In uterine endometrium, estrogen induces proliferation without differentiation. Progesterone, through its activation of PGR, inhibits the action of estrogen, preventing proliferation and triggering differentiation. Similarly, HOXA10 induces endometrial differentiation. In both endometrial cancer and endometriosis, expression of HOXA10 and PGR is reduced. Thus, the increase in expression of these two genes and the more rapid decidualization in response to exposure to cigarette smoke may provide the protective effects that prevent the development of these proliferative diseases in women who smoke.
One commonly accepted theory for the reduced incidence of endometrial cancer among smokers is that smoking causes ovarian damage, diminished ovarian reserve, and decreased estrogen production. Endogenous or exogenous estrogens unopposed by progesterone can increase the mitotic activity in endometrial cells [20
], leading to hyperplasia and malignancy [21
]. However, even lower-than-average levels of estrogen can cause hyperplasia or cancer as seen in women with chronic anovulation and low but static estrogen levels. Similarly, menopausal women treated with estrogen in the absence of a progestin have a high incidence of endometrial hyperplasia despite estrogen exposure well below that of a reproductive-age woman [22
]. It is unlikely that the small decline in estrogen production seen in reproductive-age smokers will prevent hyperplasia. Treatment with exogenous progesterone has been shown to have protective effects against development of endometrial cancer, as seen in the decreased incidence of endometrial cancer among users of combined estrogen and progestin oral contraceptives [23
]. An increase in the expression of PGR in the endometrium of smokers may provide a protective effect against neoplasm by creating increased progesterone sensitivity and responsiveness. We speculate that increased PGR may also enhance endometrial development and explain the high pregnancy rate among young smokers before the onset of diminished ovarian reserve.

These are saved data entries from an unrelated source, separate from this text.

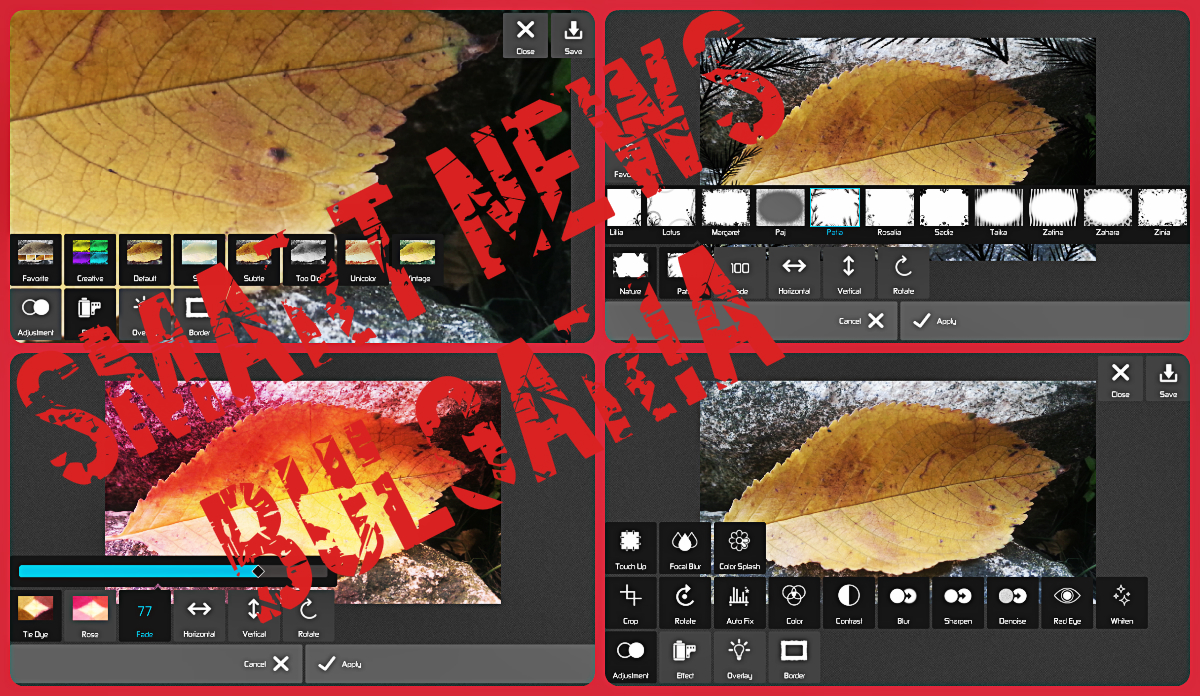 Рамки, корекции на цветовете, изостряне, старинни ефекти, светлосенки, flares и много повече, само в едно приложение.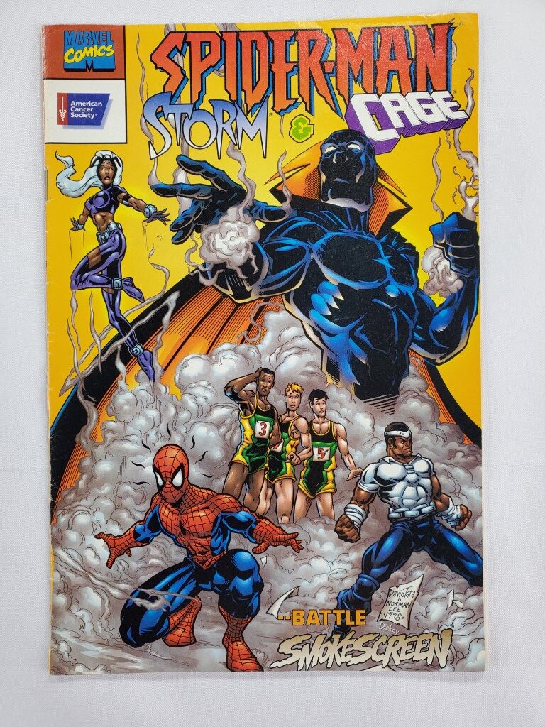 Spider-Man Storm & Cage Battle Smokescreen Issue American Cancer Society Promo Battle Smoking Marvel Comics 1998 Promo by David Tata & Norman Lee.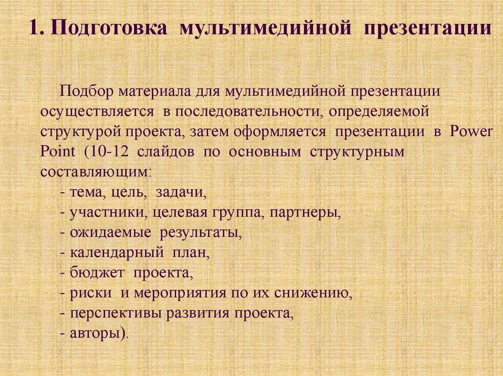 1. Подготовка мультимедийной презентацииПодбор материала для мультимедийной презентации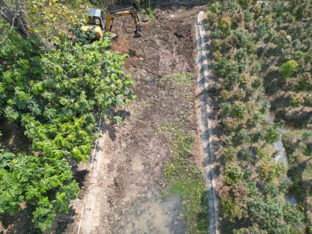 為提高清淤工作效率,結(jié)合木圍排灌渠兩側(cè)岸坡均已密植花木實(shí)際情況,本次活動采取了“挖機(jī)+人工”的清淤方式,由挖掘機(jī)將排灌渠內(nèi)雜草、淤泥集中清理堆至渠外空地,再由人工精細(xì)作業(yè),轉(zhuǎn)運(yùn)淤泥雜草至花木間區(qū)域平鋪晾曬改良土壤、增強(qiáng)肥力。

Likewise, lower HOXA10 expression has been correlated with increased tumor grade in endometrial carcinomas [24
]. Moreover, methylation of the HOXA10
promoter has been found to lead to decreased expression and is associated with endometrial tumors [14
]. Thus, the increased HOXA10 expression in the uterus upon exposure to cigarette smoke could confer a protective effect against the development of endometrial cancer, opposing the downregulation of this protein because of methylation.
Women with endometriosis have been shown to have decreased levels of HOXA10 in their ectopic and eutopic endometrium [13
]. Downregulation of HOXA10 may be required to decrease differentiation and allow the increased proliferation necessary for the development of endometriosis. As in endometrial cancer, hypermethylation of the gene is associated with diminished differentiation of endometrial cells, leading to endometriosis [26
]. Cigarette smoke-induced increases in uterine HOXA10 expression could counter the effect of methylation on the HOXA10
promoter and provide a protective effect against the development of endometriosis in women who smoke. HOXA10 drives increased differentiation and also preserves endometrial receptivity; the increase may impede the development of endometriosis while still allowing embryo implantation.
Expression of PGR is also decreased in women with endometriosis. Specifically women with endometriosis have decreased expression of PGR-B, one of two isoforms of PGR, in both the ectopic and the eutopic endometrium [29
]. Progesterone resistance is a prominent feature of this disease [30
]. The increased PGR driven by tobacco use may similarly increase progesterone action and protect against the development of endometriosis.
Although cigarette smoke appears to provide protection against endometriosis and endometrial cancer, its numerous other deleterious effects found both in the reproductive system and elsewhere certainly prohibit the recommendation that any woman smoke. Instead, the present study seeks to establish the molecular mechanism explaining the seemingly paradoxical observation that smoking decreases the incidence of these two diseases. Perhaps among the over 4000 compounds found in cigarette smoke is one or more that can prevent endometrial proliferation and induce the expression of genes that direct endometrial differentiation. Isolation and characterization of these compounds may lead to the development of novel therapeutic agents.